Michael McKee: A question for all of our friends around us on trading desks. You had a briefing on QT at the last meeting from the Fed staff and members, according to the minutes, generally agreed that it should start soon.Does that mean may or does that mean June?
John Williams: Well, I think we said fairly soon. And the you know, I think that the reasoning for slowing the pace of reduction of our balance sheet makes a lot of sense. It's a prudent course of action. We are decreasing the balance sheet quite rapidly. And and by slowing that, we'll have more ability to monitor, assess and analyze as we get eventually to an ample reserves kind of world that we're aiming for.
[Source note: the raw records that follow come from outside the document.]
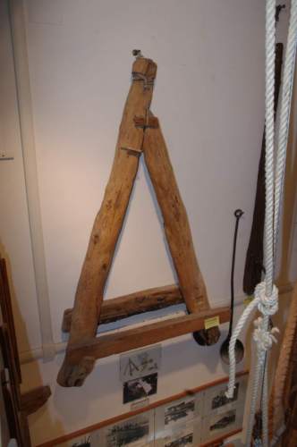 supporto per la piegatura a caldo delle tavole del fasciame #majeri# - La tavola, inserita sotto l' asse interna e sopra l'asse esterna, veniva appesantita sopra l'estremità libera da un carico approssimativamente calcolato. Quindi, dopo aver collocato degli stracci bagnati sopra il punto prescelto di curvatura, e del fango #tèra crèa# al di sotto di esso, si accendeva un fuoco di canne palustri #canèle# le cui fiamme lambivano, ma non bruciavano, la faccia inferiore del #majèro# che, per il calore e il vapore, si piegava lentamente.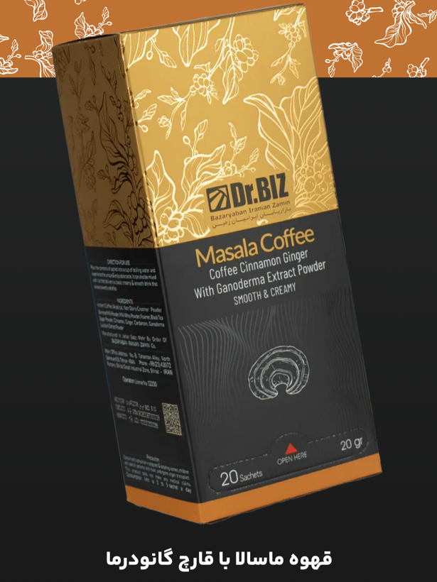 ترکیبات پودر قهوه عربیکا چای سیاه شکر دارچین زنجبیل هل.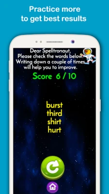 Kids learning focuses on appropriate study for different year groups so in Spelltronaut : Primary Spelling game, words are grouped in primary school year groups. The programme follows weekly spelling lists grouped in coloured rows for each term. The only thing kids need to do is to choose weekly spelling same as school learning and study at home freely and whenever they choose. After selecting weekly spelling kids will see the list of words and have time to study and learn the words before starting their weekly spelling test. Enabling tips will show an example sentence to help spelling if you are learning homophones or near homophones. It is possible to listen to the English words again if you struggle to hear them at first. Type words and click check to see if the English words are correct. If misspelt kids will see the correct spelling. At the end of the spelling test, kids will be able to see their score, their mistakes and learn from them. Study more to achieve better scores.

Everything is going with the balance sheet. Everything is going exactly as planned and things are going well when we decide to slow the pace of the balance sheet. That's a decision for the committee. No decision was made at the last meeting, but obviously we'll get together relatively soon and discuss this further.
But to me, this is a sign of success of the plans we laid out almost two years ago to reduce the balance sheet. We've had very little disruption in markets. It's worked exactly as planned, and we're just executing on that plan and that's going very smoothly.
Michael McKee: So it could come before rate moves.
John Williams: You know, these are really separate issues. I mean, our numbers are shrinking the balance sheet. We're focused on getting to ample reserves on monetary policy. We're very focused on achieving our maximum employment and price stability goals. Those are different objectives. Those instruments can obviously move in different times in different ways.